BEGIN
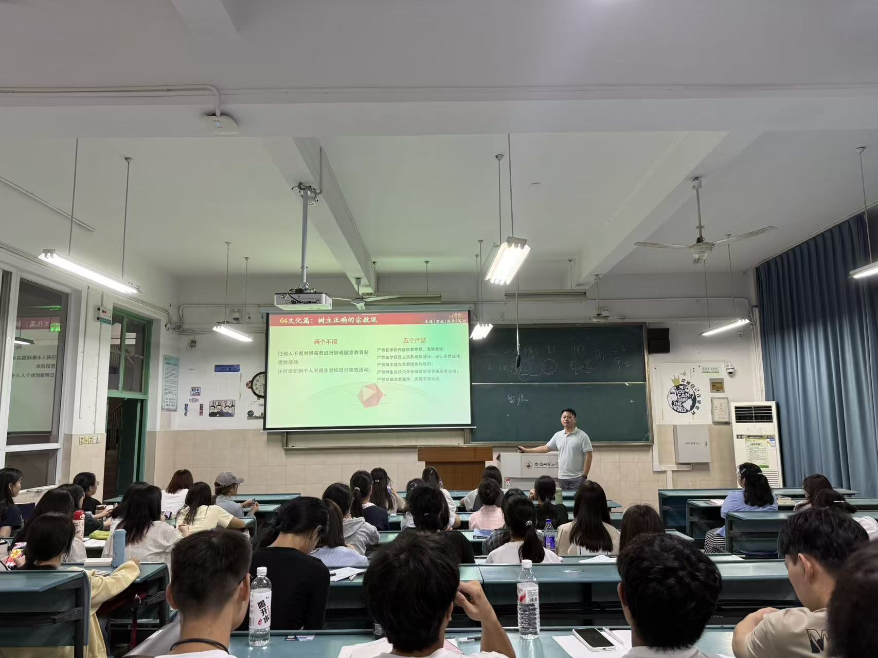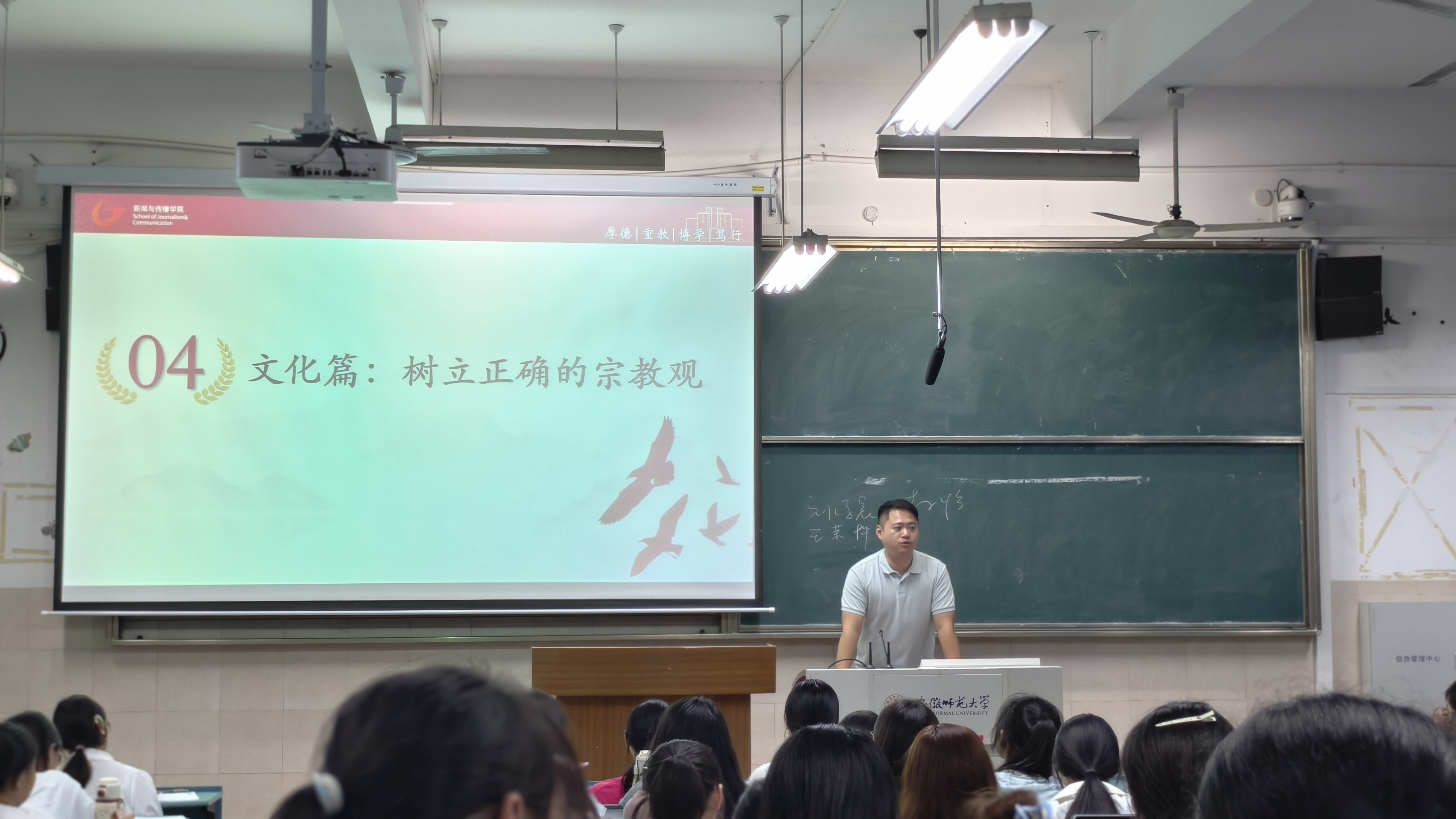 本网讯(TapTap点点 许梦云)2025年9月28日晚,2025级新闻学、广告学分别于行知楼2050302、2050304教室围绕“树立正确宗教观”开展专题教育。会议由辅导员刘成俊主持。
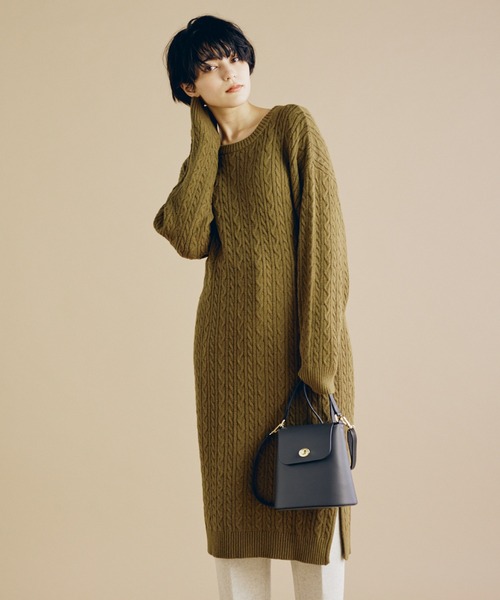 女性らしく着こなせるケーブル柄の入ったニットワンピース。ゆとりのある緩やかな女性らしいフォルムに仕上げてます。裾にはボトムスとのレイヤードにこなれ感を演出するスリット入り。タイツ合わせで1枚でさらっと着るのはもちろんですが、パンツや、フレアースカートとのレイヤードスタイルもお勧めです。 ・水洗い可 ■サンプル撮影商品■ こちらの商品はサンプルでの撮影となっております。実際の商品とは、商品情報(生産国、色味、上代、納期など)が変更になる場合がございます。予めご了承ください。
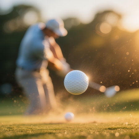 Golfer executing a powerful swing, sending a golf ball soaring through the air on a vibrant green course, with sunlight creating a dynamic atmosphere
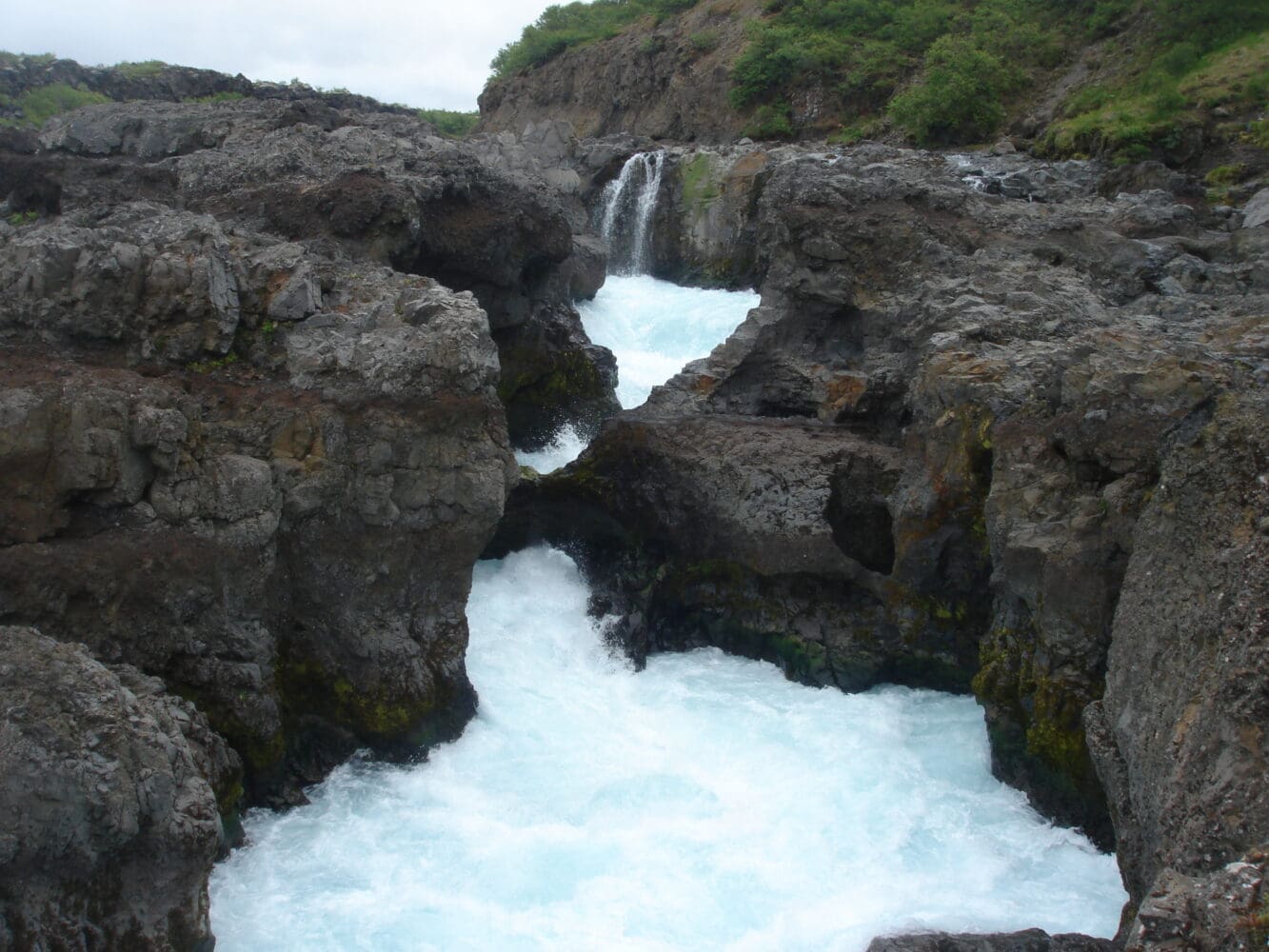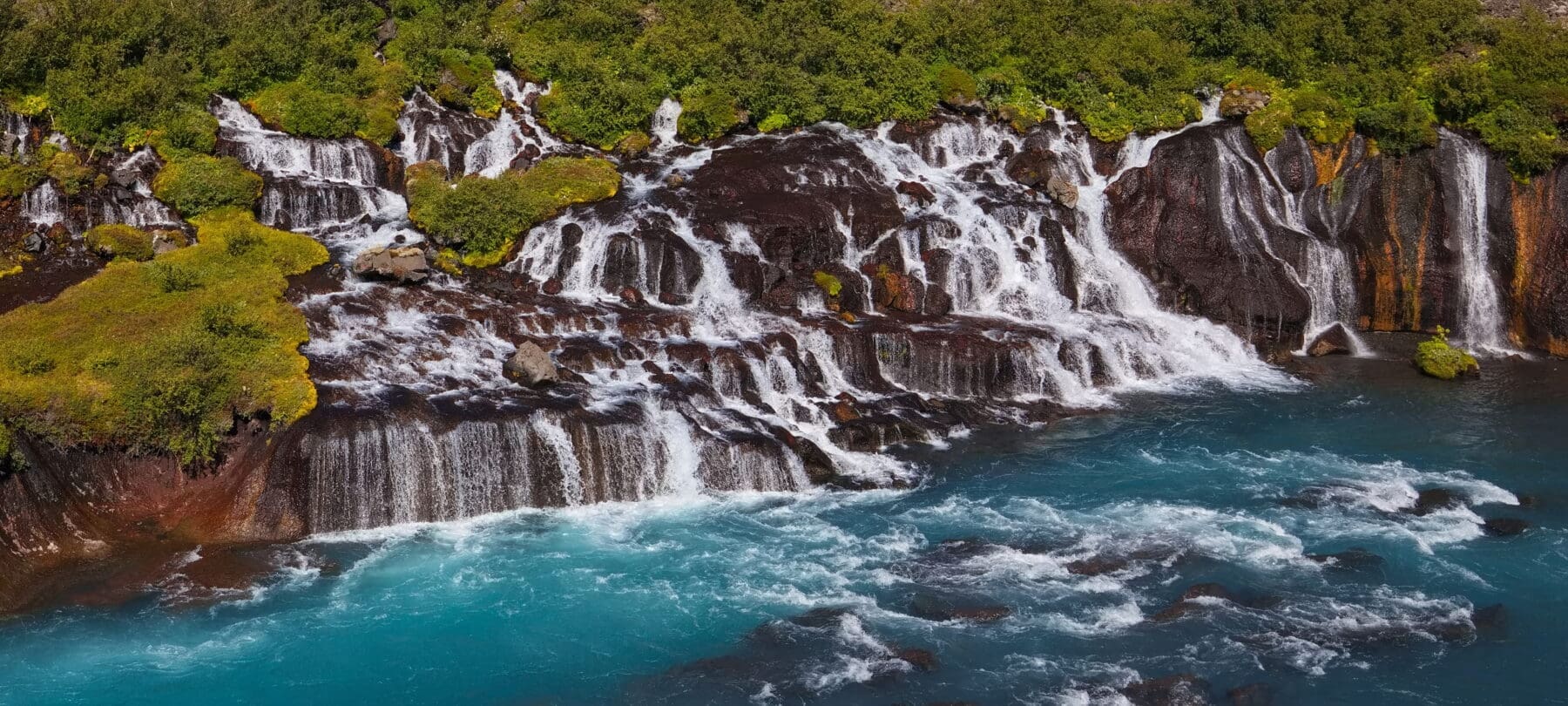 Barnafoss and Hraunfossar are stunning waterfalls in West Iceland, steeped in Viking legends and Icelandic sagas. Hraunfossar features gentle cascades streaming through lava fields, while Barnafoss flows rapidly through a narrow, rocky gorge, said to be haunted by a tragic tale of two children who fell into its waters.
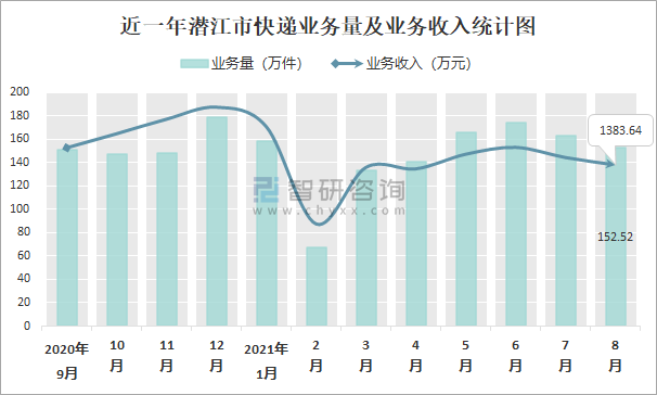根據各省市郵政局數據可知:2021年8月潛江市快遞業務量為152.52萬件,業務收入為1383.64萬元;2021年1-8月潛江市快遞累計業務量為1155.7萬件,同比增長115.87%,累計業務收入為11140.93萬元,同比增長57.42%;2016-2020年潛江市快遞業務量與業務收入均逐年遞增,平均單價存在一定幅度的波動。
END
** Work order **
Give back the material above exactly as written, but omit the images.

** Solution for this exercise **
 本网讯(TapTap点点 许梦云)2025年9月28日晚,2025级新闻学、广告学分别于行知楼2050302、2050304教室围绕“树立正确宗教观”开展专题教育。会议由辅导员刘成俊主持。
 女性らしく着こなせるケーブル柄の入ったニットワンピース。ゆとりのある緩やかな女性らしいフォルムに仕上げてます。裾にはボトムスとのレイヤードにこなれ感を演出するスリット入り。タイツ合わせで1枚でさらっと着るのはもちろんですが、パンツや、フレアースカートとのレイヤードスタイルもお勧めです。 ・水洗い可 ■サンプル撮影商品■ こちらの商品はサンプルでの撮影となっております。実際の商品とは、商品情報(生産国、色味、上代、納期など)が変更になる場合がございます。予めご了承ください。
 Golfer executing a powerful swing, sending a golf ball soaring through the air on a vibrant green course, with sunlight creating a dynamic atmosphere
 Barnafoss and Hraunfossar are stunning waterfalls in West Iceland, steeped in Viking legends and Icelandic sagas. Hraunfossar features gentle cascades streaming through lava fields, while Barnafoss flows rapidly through a narrow, rocky gorge, said to be haunted by a tragic tale of two children who fell into its waters.
根據各省市郵政局數據可知:2021年8月潛江市快遞業務量為152.52萬件,業務收入為1383.64萬元;2021年1-8月潛江市快遞累計業務量為1155.7萬件,同比增長115.87%,累計業務收入為11140.93萬元,同比增長57.42%;2016-2020年潛江市快遞業務量與業務收入均逐年遞增,平均單價存在一定幅度的波動。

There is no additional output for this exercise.